Generally, I averaged about 35 mph when traveling on the best of the
highways and less than half that when using the secondary paved roads
(don’t get behind a beer truck that is going up grade). Be careful in
the cities that have traffic lights. They are not always in the same
general location and may be nearly hidden at some lower level. The
locals know where they are so the system usually works.
Make sure that
your driver’s license is available to show along with the ownership
paper provided by the rental company. I only had one police check point
stop in seven days of driving and the National Policeman was courteous
and efficient. There was never a hint of an improper solicitation by him
of any money.
I drove about 492 miles in the week that I kept the car. I
saw a couple of accidents and a few emergency vehicles working along the
roads but I really never even had a close call. The car turn-back at the
San Pedro Sula airport was easy and pleasant with no damages noted. For
the rest of my travels I did jump a bus or used a taxi where walking was
too far. The car rental venture thus ended as a total success for me.

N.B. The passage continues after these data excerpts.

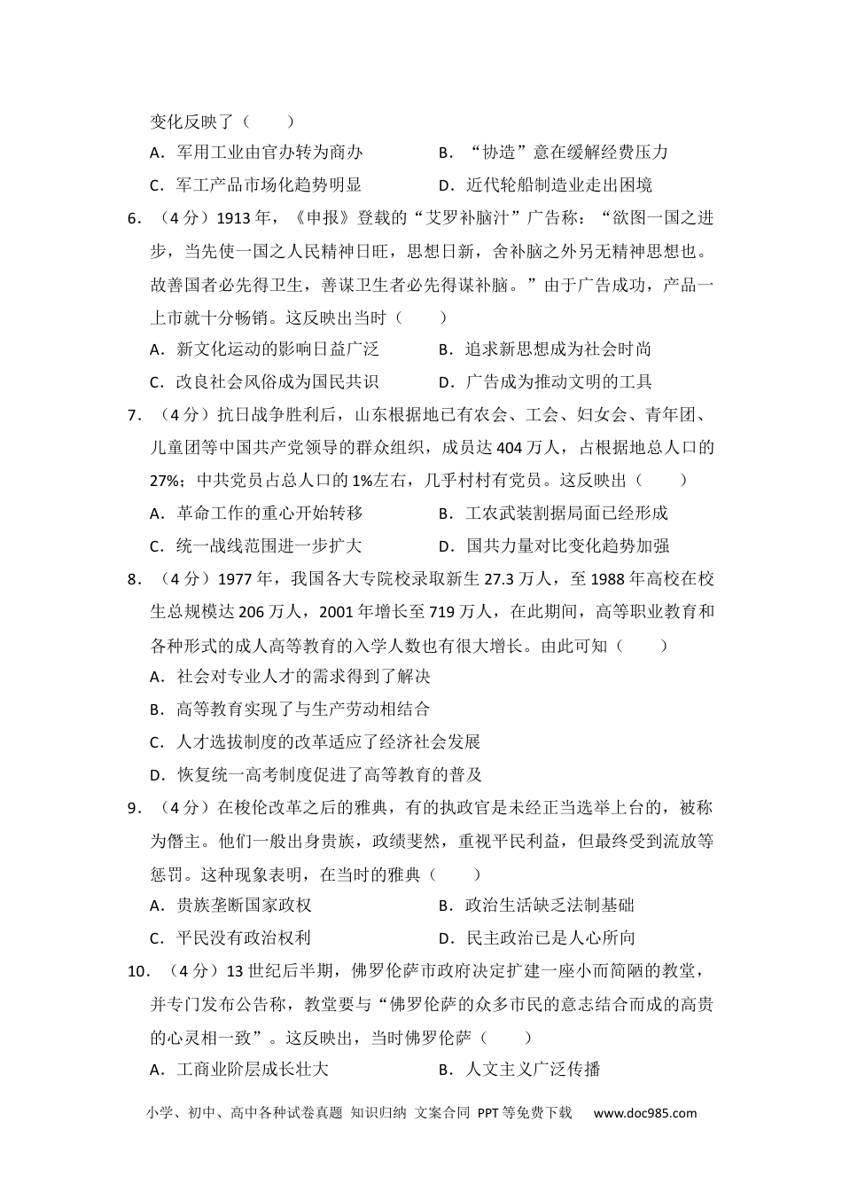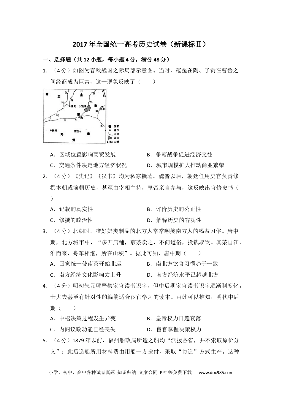 小学、初中、高中各种试卷真题知识归纳文案合同PPT等免费下载www.doc985.com2017年全国统一高考历史试卷(新课标Ⅱ)一、选择题(共12小题,每小题4分,满分48分)1.(4分)如图为春秋战国之际局部示意图。当时,范蠡在陶、子贡在曹鲁之间经商成为巨富,这一现象反映了()A.区域位置影响商贸发展B.争霸战争促进经济交往C.交通条件决定地方经济状况D.城市规模扩大推动商业繁荣2.(4分)《史记》《汉书》均为私家撰著。魏晋以后,朝廷任用史官负责修撰本朝或前朝历史,甚至由宰相主持,皇帝亲自参与,这反映出官修史书()A.记载的真实性B.评价历史的公正性C.修撰的政治性D.解释历史的客观性3.(4分)北朝时,嗜好奶类制品的北方人常常嘲笑南方人的喝茶习俗。唐中期,北方城市中,“多开店铺,煎茶卖之,不问道俗,投钱取饮。其茶自江、淮而来,舟车相继,所在山积”。据此可知,唐中期()A.国家统一使南茶开始北运B.南北方饮食习惯趋于一致C.南方经济文化影响力上升D.南方经济水平已超越北方4.(4分)明初朱元璋严禁宦官读书识字,但中后期宦官读书识字逐渐制度化,士大夫甚至有针对性的编纂适合宦官学习的读本。由此可以推知,明代中后期()A.中枢决策过程发生异变B.皇帝权力日趋衰落C.内阁议政功能已经丧失D.宦官掌握决策权力5.(4分)1879年以前,福州船政局所造之船均“派拨各省,并不索取原价分文”;此后造船所用材料费由用船一方拨付,采取“协造”方式生产。这种小学、初中、高中各种试卷真题知识归纳文案合同PPT等免费下载www.doc985.com变化反映了()A.军用工业由官办转为商办B.“协造”意在缓解经费压力C.军工产品市场化趋势明显D.近代轮船制造业走出困境6.(4分)1913年,《申报》登载的“艾罗补脑汁”广告称:“欲图一国之进步,当先使一国之人民精神日旺,思想日新,舍补脑之外另无精神思想也。故善国者必先得卫生,善谋卫生者必先得谋补脑。”由于广告成功,产品一上市就十分畅销。这反映出当时()A.新文化运动的影响日益广泛B.追求新思想成为社会时尚C.改良社会风俗成为国民共识D.广告成为推动文明的工具7.(4分)抗日战争胜利后,山东根据地已有农会、工会、妇女会、青年团、儿童团等中国共产党领导的群众组织,成员达404万人,占根据地总人口的27%;中共党员占总人口的1%左右,几乎村村有党员。这反映出()A.革命工作的重心开始转移B.工农武装割据局面已经形成C.统一战线范围进一步扩大D.国共力量对比变化趋势加强8.(4分)1977年,我国各大专院校录取新生27.3万人,至1988年高校在校生总规模达206万人,2001年增长至719万人,在此期间,高等职业教育和各种形式的成人高等教育的入学人数也有很大增长。由此可知()A.社会对专业人才的需求得到了解决B.高等教育实现了与生产劳动相结合C.人才选拔制度的改革适应了经济社会发展D.恢复统一高考制度促进了高等教育的普及9.(4分)在梭伦改革之后的雅典,有的执政官是未经正当选举上台的,被称为僭主。他们一般出身贵族,政绩斐然,重视平民利益,但最终受到流放等惩罚。这种现象表明,在当时的雅典()A.贵族垄断国家政权B.政治生活缺乏法制基础C.平民没有政治权利D.民主政治已是人心所向10.(4分)13世纪后半期,佛罗伦萨市政府决定扩建一座小而简陋的教堂,并专门发布公告称,教堂要与“佛罗伦萨的众多市民的意志结合而成的高贵的心灵相一致”。这反映出,当时佛罗伦萨()A.工商业阶层成长壮大B.人文主义广泛传播小学、初中、高中各种试卷真题知识归纳文案合同PPT等免费下载www.doc985.comC.教会权威进一步提升D.新教理论初步形成11.(4分)1800年,美国总统、联邦党人亚当斯要求政见不同的内阁成员皮克林辞职,遭到皮克林拒绝,于是亚当斯将其免职。皮克林因此成为美国历史上第一位被总统免职的内阁成员。亚当斯此举()A.加强了联邦政府的行政权力B.体现了总统与内阁之间权限不明C.行使了宪法赋予总统的职权D.反映了联邦党与其他党派的斗争12.(4分)20世纪70年代至今,《赫鲁晓夫回忆录》多次出版,并被翻译成多种语言。因其内容的复杂性,不同...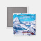 Pintura a aquarela colorida e personalizável da suiça Zermatt num Magnet que mostra a paisagem de inverno impressionante do destino viagem suíço nos alpes suíços. Faz um presente maravilhoso para todos os turistas deste famoso destino europeu da viagem. Faça-o seu e compre agora como um souvenir viagem.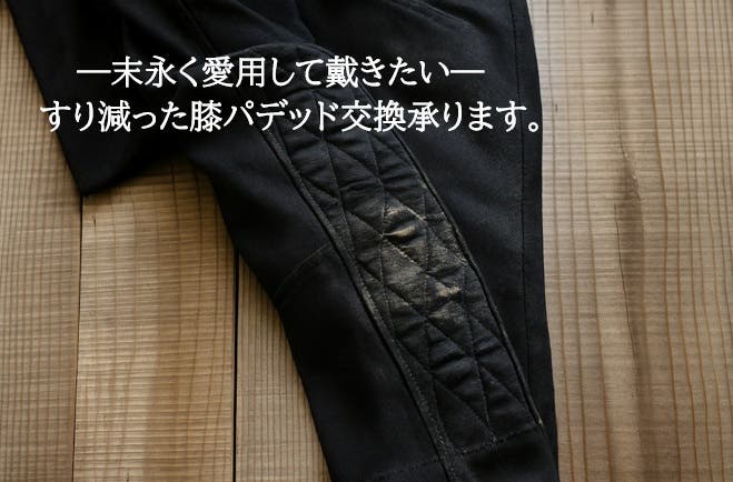 穿くにつれてゆっくりと現れるエイジング感はデニムパンツの醍醐味です。でも膝パデッドが裂けたりすると内部素材がはみ出すこともあります。それはそれでヴィンテージ感があって良い場合もありますが、元の状態にしたいという方は、ご連絡いただれば交換承ります(有料)。いつまでも長くご愛用下さい。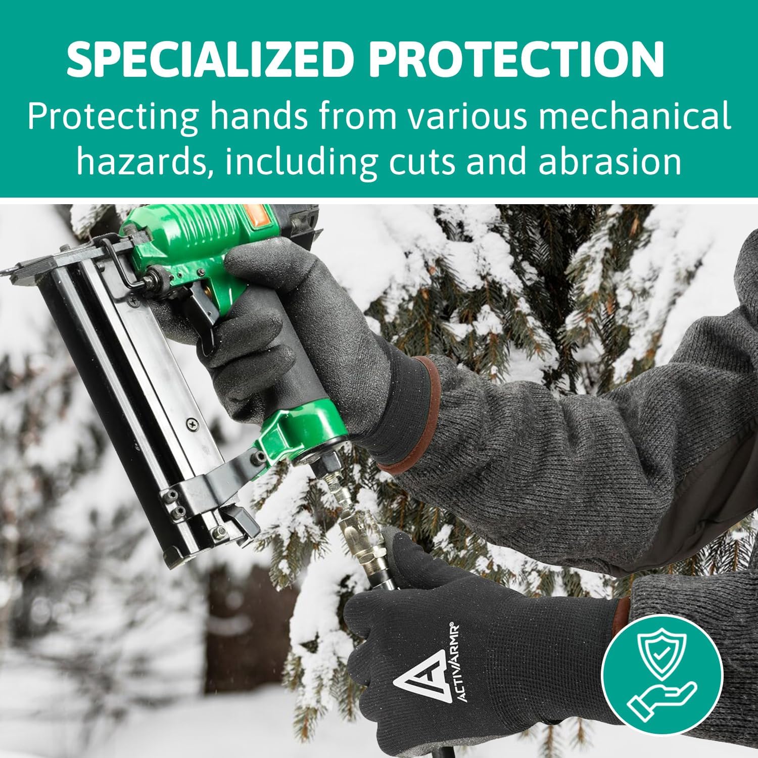 Ansell ActivArmr Winter Work Gloves, Thermal Resistance and Grip in Low Temperature and Outdoors, Cold Protection Gloves, Men's Women's Gloves, Black Gloves {All Sizes}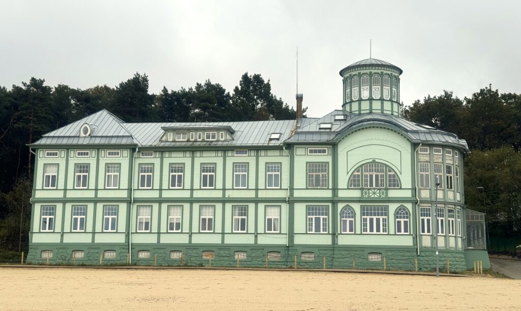 Miejscowość bardzo popularna w okresie niemieckim, a jeszcze bardziej w okresie radzieckim historii Łotwy (ponoć był tu Chruszczow i Breżniew!). Dzisiaj sporo tu rozmaitych atrakcji i knajpek, choć przyznam, że po sezonie nie było jakoś szczególnie gwarno, a niemała część restauracji była w środku tygodnia nieczynna. Jednak – co najważniejsze – Jurmała imponuje 25 kilometrami plaż z pięknym, drobnym, białym piaseczkiem oraz sosnowymi lasami. A Bałtyk, choć piękny, jest szarawy jak u nas. Wokół Jurmały założono Park Narodowy Kemeru, pełen jeziorek, bagien i chronionej roślinności..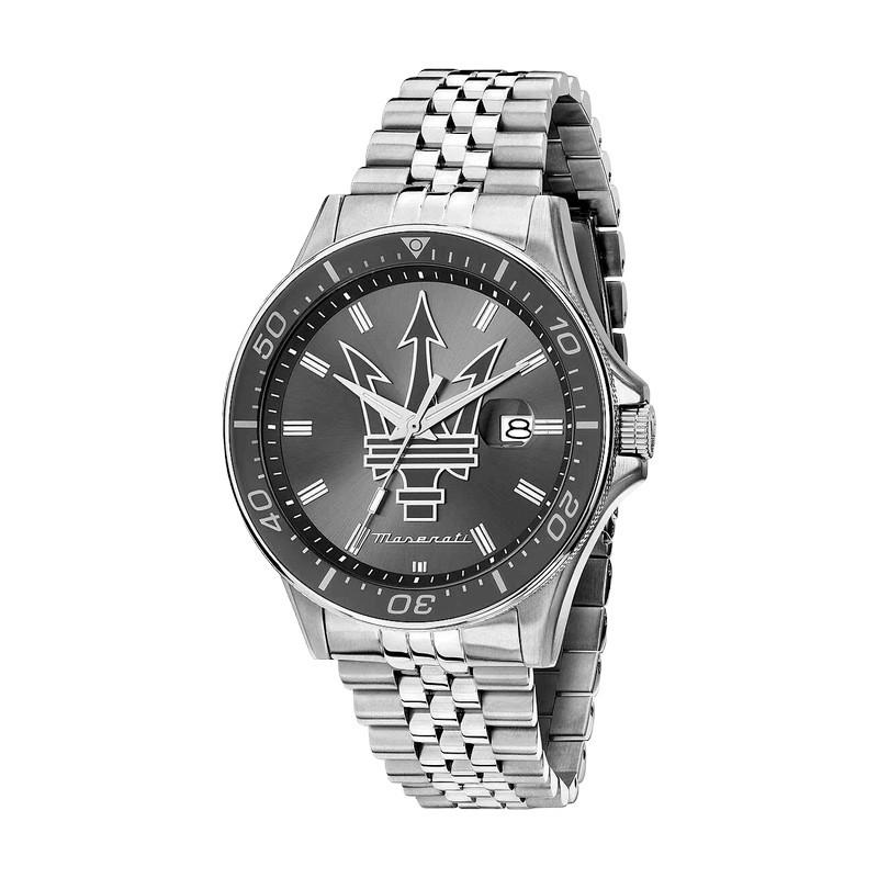 Montre Homme Maserati Sfida, Mouvement Quartz Miyota 2315, Boite de 44 MM de Diamètre et Bracelet Acier, Verre Minéral, Logo Trident Maserati. Mise à taille et livraison France métropolitaine et Corse offertes. R8853140010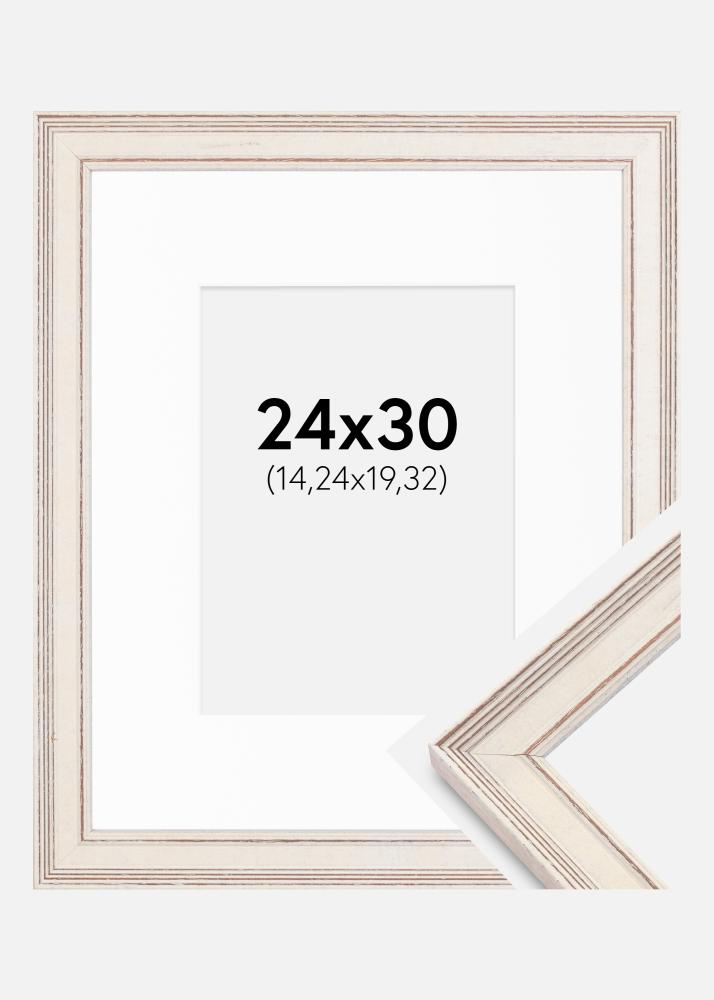 Forfait comprenant le cadre photo et le passe-partout blanc assorti. Sur la photo du produit, vous pouvez voir les dimensions du cadre (indiquées en gras) et les dimensions intérieures du passe-partout (indiquées entre parenthèses). Notez que les dimensions intérieures du passe-partout se doivent d'être toujours 1 cm inférieures par rapport à la taille de l'image que vous souhaitez encadrer.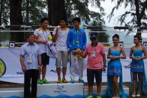 DSC_1201Immediately after the Men’s Individual race the women took centre stage on Nai Yang Beach and China, a little disappointed to be upstaged by Korea in the earlier event, secured fully-deserved gold and silver medals with Huo Qi hitting the finish line first, 22 seconds ahead of compatriot Bian Yufei, who won silver. Only eight seconds behind Bian, in a major surprise, came Valeriia Uvarova of Kyrgyzstan who won a spectacular bronze medal for her country.
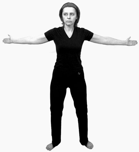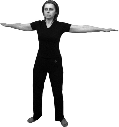 2. Встаем, не меняя положения раскинутых рук – они поднимаются вместе с телом. Одновременно делается выдох.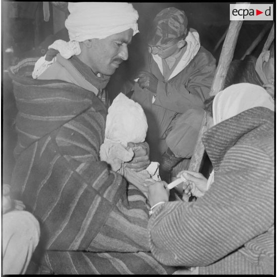 A l'intérieur d'une khaïma, une jeune EMSI effectue un vaccin sur un bébé. En arrière-plan, un jeune médecin militaire est également à l'œuvre.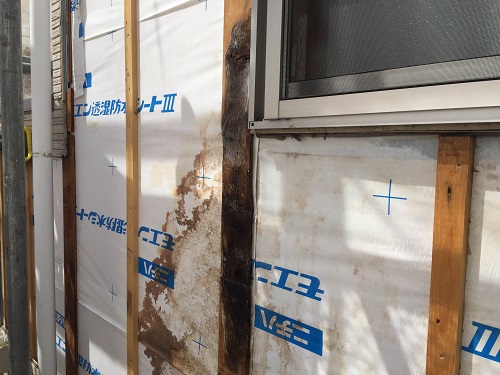 そこで、シーリングが破断しても胴縁が腐朽しないように、防腐剤注入胴縁が登場しました。 良いアイデアのように思えた防腐剤注入胴縁ですが、最近になって防腐剤と透湿防水シート(防水紙)の相性が悪いことがわかってきました。

Ron Hay is a retired Civil
Engineer who enjoys traveling with his wife to just about anywhere in the world
to explore ancient civilizations and to enjoy its natural beauty. He lives in
Ohio, USA, and also has lived in Europe, Panama, and South East Asia. Their
travels have taken them to spots on all of the Earth’s continents and they
especially love the time that they can spend in Central and South America.
The Maya city of Copan brought them to Honduras for the first time and they were
not surprised to find an entire country filled with opportunities for adventure.
From the Western Highlands to the Miskito Coast they were warmed by the
friendliness of the people, the beautiful scenery, the enjoyment of good fresh
food, and the opportunity to just plain have fun.